Michael Neurohr:
> Although it's not a Postfix problem, I'd like to share the solution just
> for completeness in the hope it might be useful.
>
> Instead of setting sender and recipient as parameters, one should
> forward it as arguments.
>
> The whole thing now looks as follows:
>
> The filter definition in Postfix' master.cf:
> =====================================================================
> procmail unix - n n - 10 pipe
> flags=Rq user=vmail null_sender= argv=/usr/bin/procmail -m
> /etc/procmailrc ${sender} ${recipient} ${domain}
...
> ER_DOMAIN=$3
> SENDMAILFLAGS="-i -f $E_SENDER $E_RECIPIENT"
WARNING: THIS WILL LOSE MAIL when the message has more than one recipient.

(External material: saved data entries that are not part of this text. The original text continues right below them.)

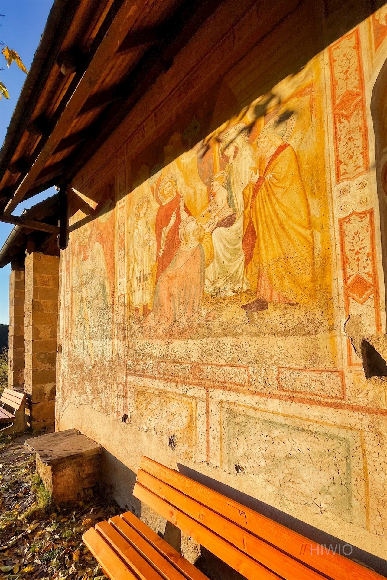 Ihre Mauern werden von farbenfrohen Fresken aus dem 14. und 15. Jahrhundert geschmückt, die neben diversen Heiligen wie der heiligen Maria oder dem heiligen Christopherus auch den Schutzpatron der Kirche, den heiligen Valentin, zeigen.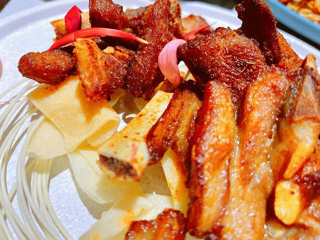 网红绿衣酥脆排骨:这道菜从颜值和口味都没得说,排骨很嫩,而且超好吃,我看到几乎每个桌子上都有这道菜,看来老少皆宜,十足的网红款呀。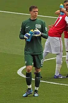 In July 2011, Szczęsny expressed his desire to continue as Arsenal's first choice goalkeeper for the rest of his career.[29] He played a half in each of Arsenal's pre-season games on their tour of Malaysia and China. Szczęsny was assigned the number 13 jersey, formerly worn by Alexander Hleb and Jens Lehmann. During the 2011–12 season, he became Arsenal's first-choice goalkeeper, playing every minute of the team's Premier League matches. On 24 August, Szczęsny made a vital penalty save in the 59th minute of play against Antonio Di Natale in the second leg of the Champions League qualifying round. Arsenal were tied 1–1 (2–1 on aggregate) against Udinese and Szczęsny's penalty save proved vital in securing Arsenal a spot in the lucrative group stage of the competition for the 14th-straight season. Arsenal went on to win the game 2–1 (3–1 on aggregate) with goals coming from Robin van Persie and Theo Walcott. On 28 August, he played in the 8–2 defeat to Manchester United at Old Trafford which turned out to be Arsenal's heaviest ever defeat in the Premier League and the first time they conceded eight goals for over 115 years. On 26 February 2012, Szczęsny finished on the winning side in a North London derby for the first time, as Arsenal came from 2–0 down to win 5–2 at home to Tottenham Hotspur.[30] On 3 March 2012, Szczęsny made a number of important saves and blocked an early penalty to help Arsenal win against Liverpool at Anfield.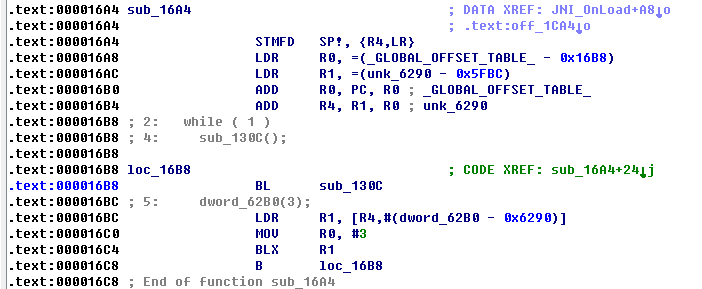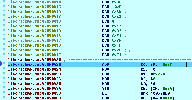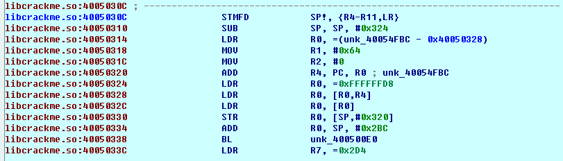 解決辦法還是ida雙開,我們知道現在PC的地址為40050420,libcrackme.so文件的基址為4004F000。因此這段代碼在so中的位置應該是:40050420 - 4004F000 = 1420。因此我們回到ida靜態分析界面,就可以定位到我們其實是在sub_130C()這個函數中。於是我們猜測這個函數就是用來做反調試檢測的。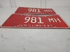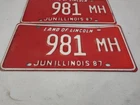 VTG 1987 Red Illinois License Plate MH Truck Mileage Tax Auto Tag Low Number 981

You must specify "procmail_destination_recipient_limit=1" in main.cf.
Wietse
Quote 1 from pipe(8) manpage:
SINGLE-RECIPIENT DELIVERY
Some destinations cannot handle more than one recipient per delivery
request. Examples are pagers or fax machines. In addition, multi-
recipient delivery is undesirable when prepending a Delivered-to: or X-
Original-To: message header.
To prevent Postfix from sending multiple recipients per delivery
request, specify
transport_destination_recipient_limit = 1
in the Postfix main.cf file, where transport is the name in the first
column of the Postfix master.cf entry for the pipe-based delivery
transport.
Quote 2 from the pipe(8) manpage:
${recipient}
This macro expands to the complete recipient address.
A command-line argument that contains ${recipient}
expands to as many command-line arguments as there are
recipients.
Presumably, this also applies to the ${domain} expansion.